@loopylu15,
Locke was actually closer to Kant than what the latter typecast him as. That is, while denying that the mind came equipped with specific propositional content, Locke nevertheless did believe we are born with faculties for receiving and processing content delivered from experience. "Blank slate" has roots going back to the ancient Greeks and Islamic philosophers, but nothing much further happened with it till Locke seized the idea.
Animals exhibit a horde of behaviors and skills which aren't learned, so clearly narrow kinds of knowledge can be innate in the cognitive systems of agents -- not just the broad, "empty" conceptual structure of an operating system that needs to be there to begin with simply to apprehend and process new information.
But there's probably nothing innate in a mind/brain as literal propositional knowledge, although there may be innate syntactic templates. Which still require stimulation and reception from experience or sensory input to provide content and a specific language to manipulate (as well as to avoid the eventual atrophy of such pre-installed faculties if they go unused into late childhood). While the circuit relationships and stored states of an artificial computer's physical hardware can correspond to and be converted / translated back into the symbolic languages that its software was originally devised in the context of, it would be quite a a stretch to imagine evolution working with an underlying, formal language scheme as it haphazardly developed biotic brains over the ages.
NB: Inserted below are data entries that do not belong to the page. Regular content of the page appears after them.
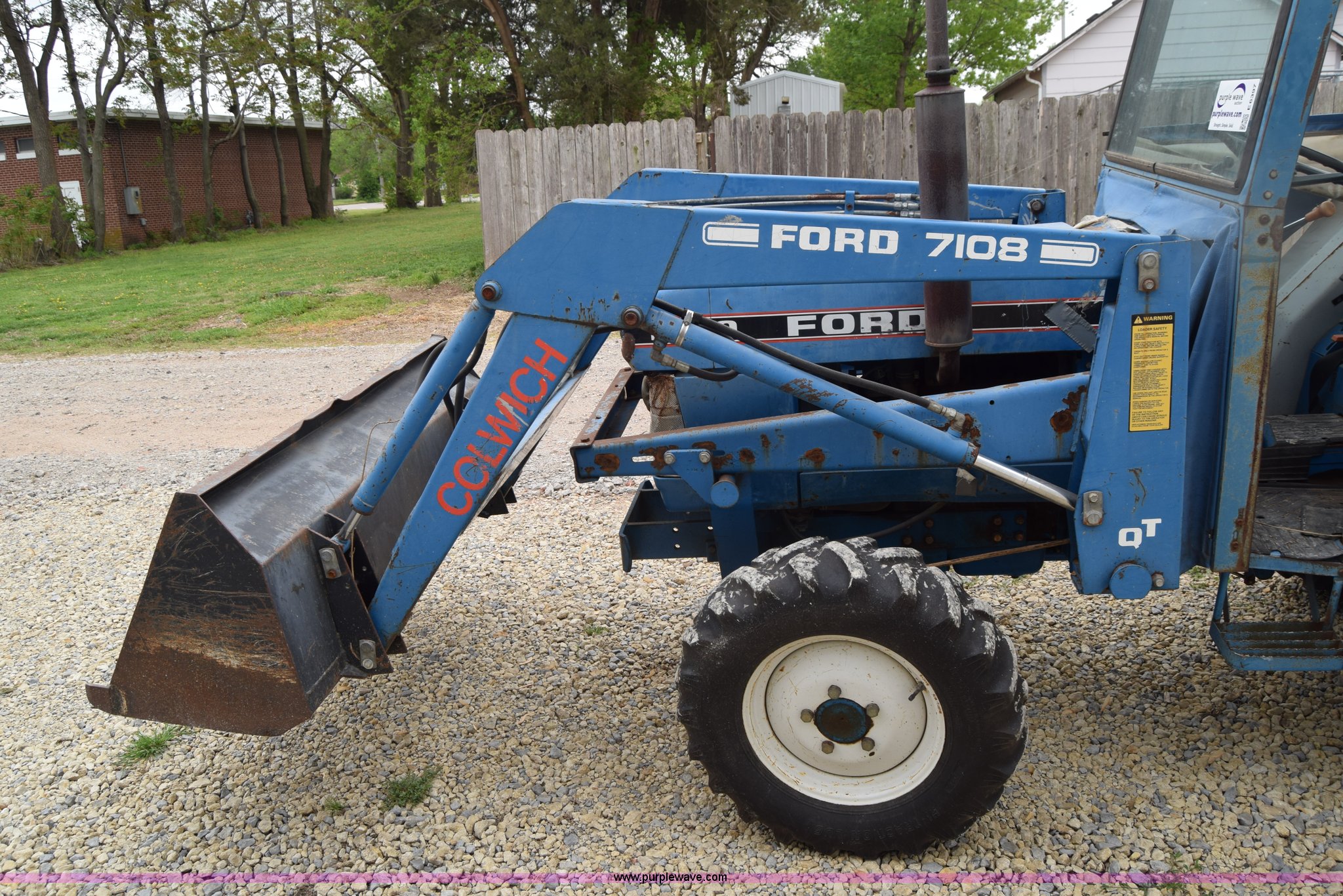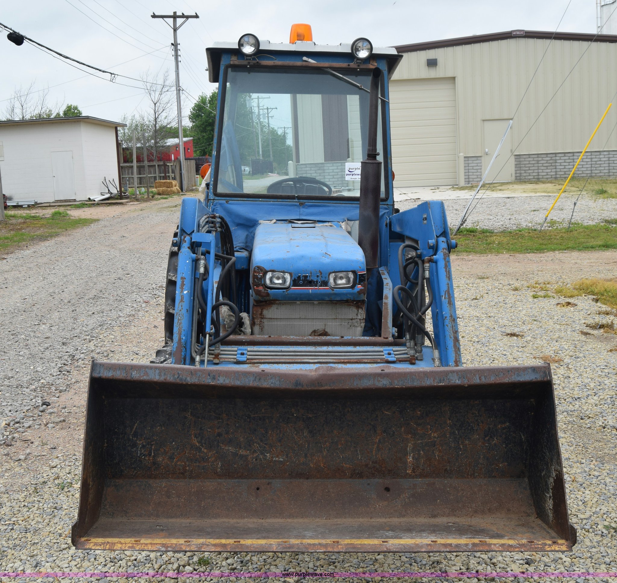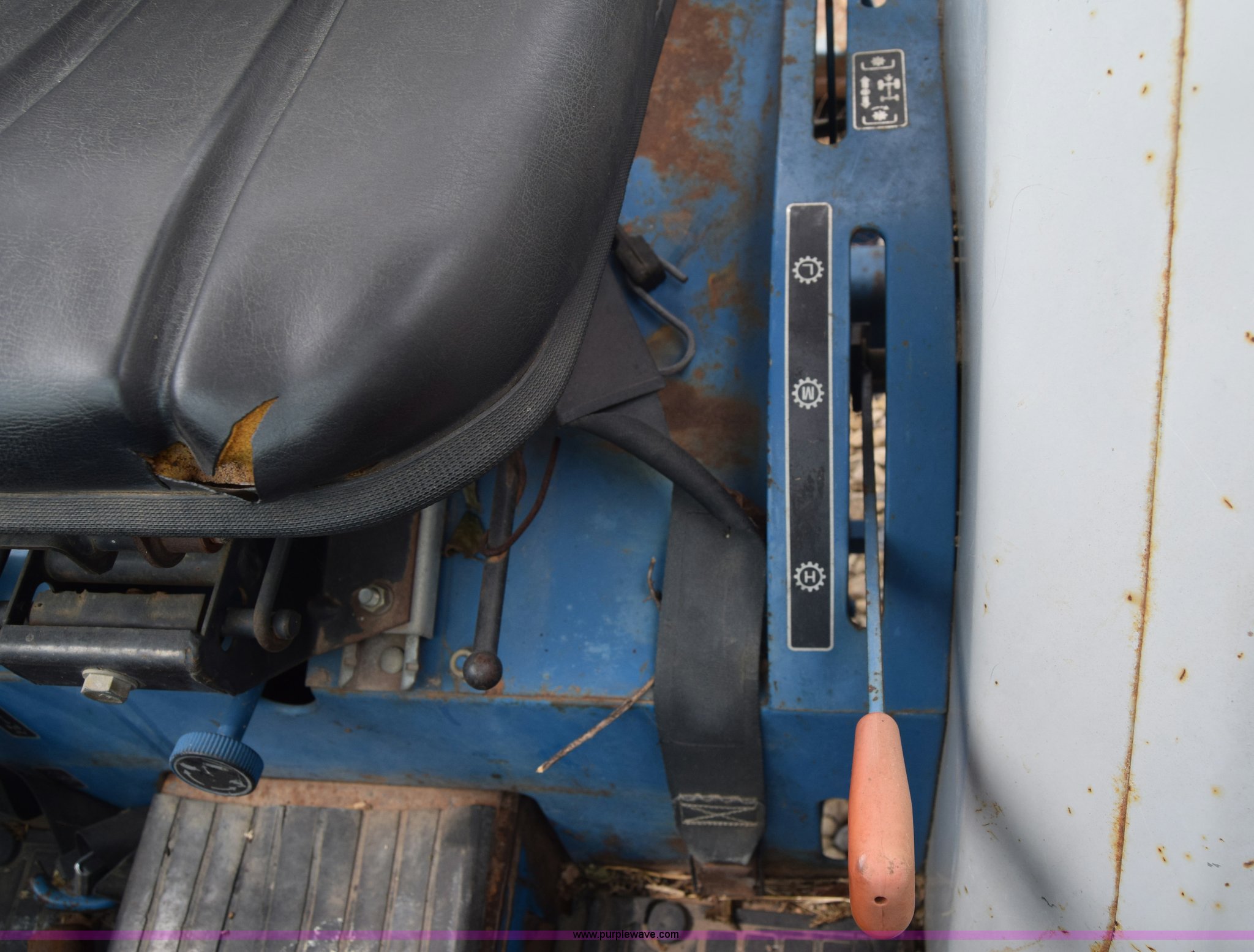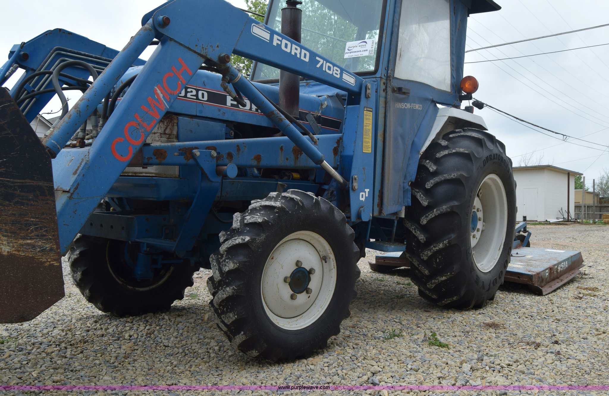 Purple Wave is selling a used Tractor in Kansas. This item is a Ford 1920 tractor with the following: 3,095 hours on meter, Shibaura N844 four cylinder diesel engine, 32 HP, Manual transmission, 12F-4R gears, Canopy, Spring suspension seat, Ford 7108 loader, 60"W bucket, Two-lever control, Ford 951A mower, 5'W cut, 540 PTO, Three point blade, 6'W x 14"H, Three point, Draw bar, 540 PTO, 9.8 gallon fuel tank, 69.9" wheelbase, 8-16 front tires, 14.9-24 rear tires, 3,069 lbs. base operating weight, Dents, Scratches, Seat torn
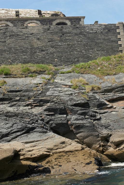 Essentiellement sur la partie arrière (non exposée aux feux des navires de ligne), elle est constituée par un parapet en maçonnerie surmontant une escarpe à tracé irrégulier et brisé. Du côté de l'entrée, l'escarpe est construite en retrait du bord de l'îlot, de façon à dégager la plate-forme extérieure d'entrée, séparée du mur d'enceinte par un petit fossé qui franchit le pont-levis d'entrée.
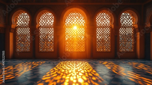 Sunlight streams through ornate arches, illuminating a grand hall. Intricate latticework windows cast golden patterns on the floor
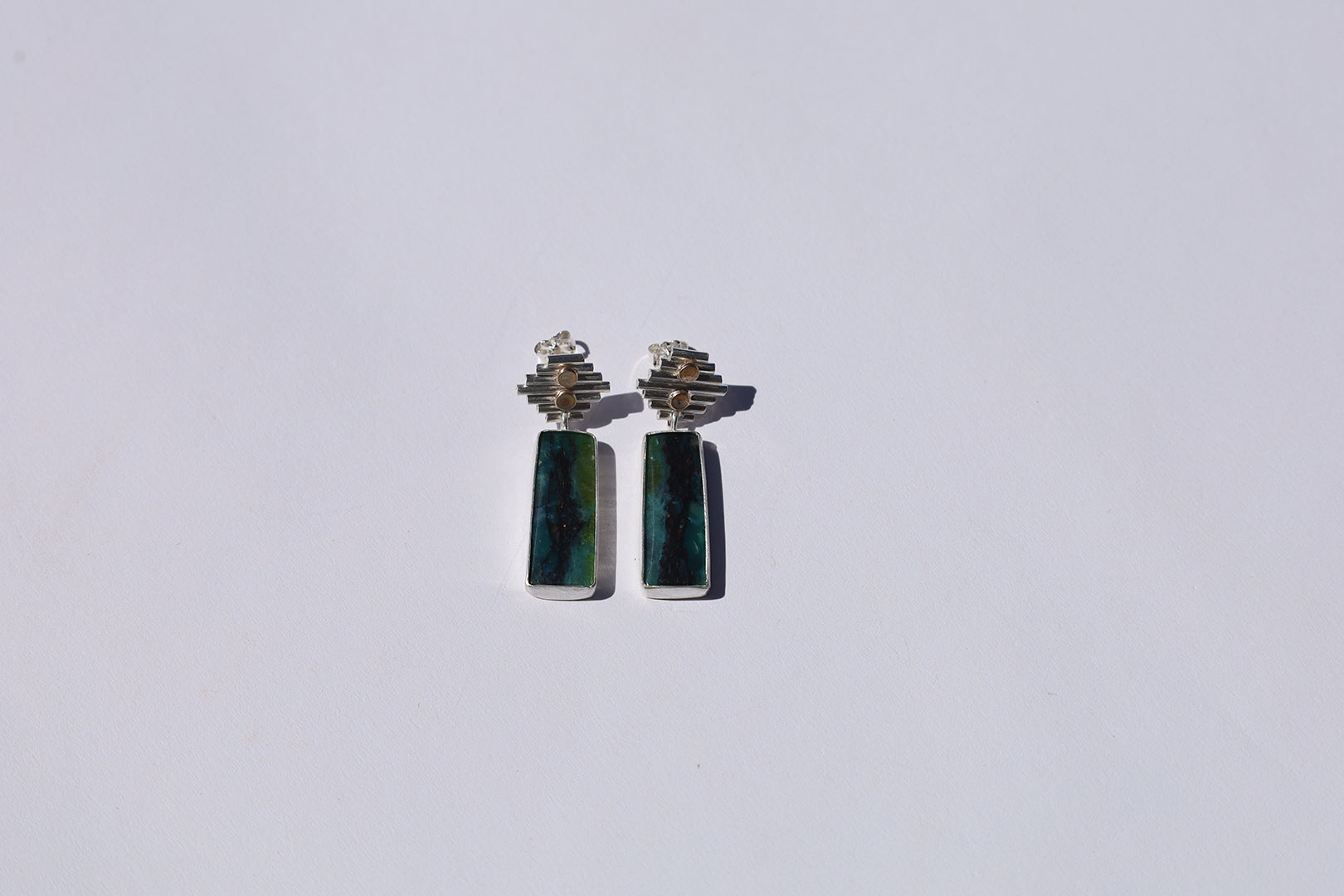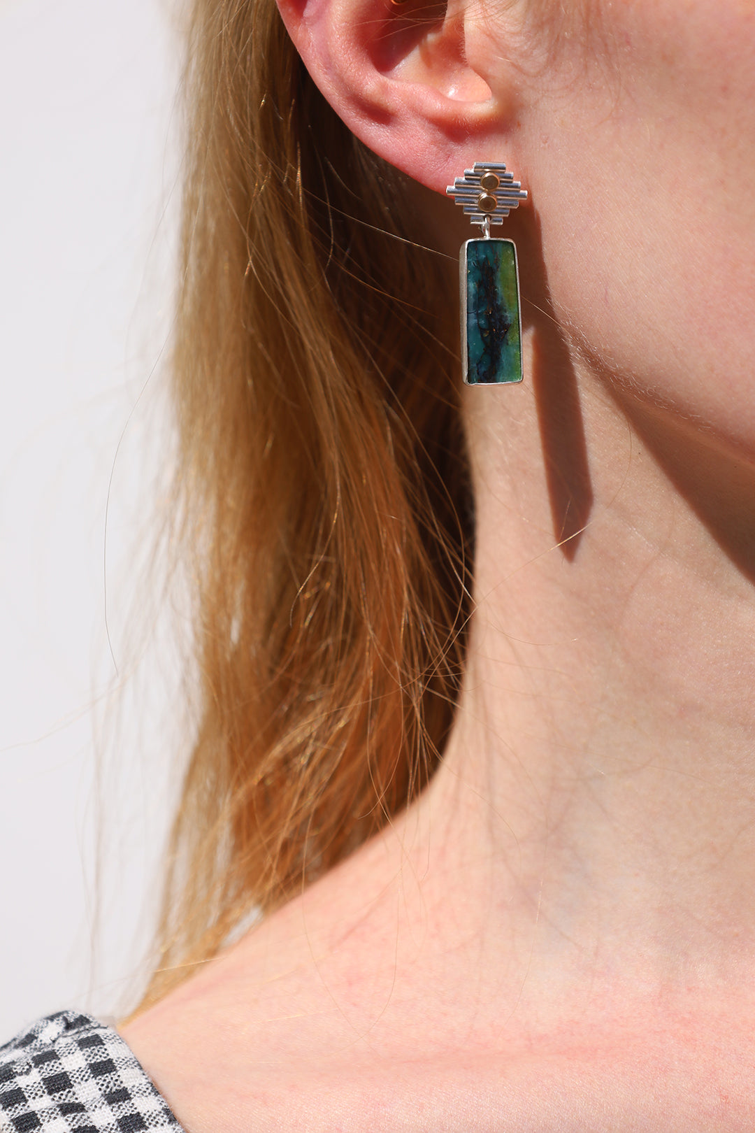 Sterling silver + 14k gold filled studs set with opal wood.

Early philosophers were forced to resort to propositional activity as their "epistemic stuff" and conclusion-generation machine because that was the only practical medium for thinking and communicating -- as well as language providing abstraction and quasi-independence from the concrete world and its contingent entities, events, and circumstances. Scientists get to actually examine particulars and a posteriori matters (like a brain instead of mind; distinct beings instead of being-hood), but philosophy is traditionally concerned with the meta-levels or overarching principles and order that these localized particulars and activities conform to (or "ought" slash should conform to, when it's a prescriptive context).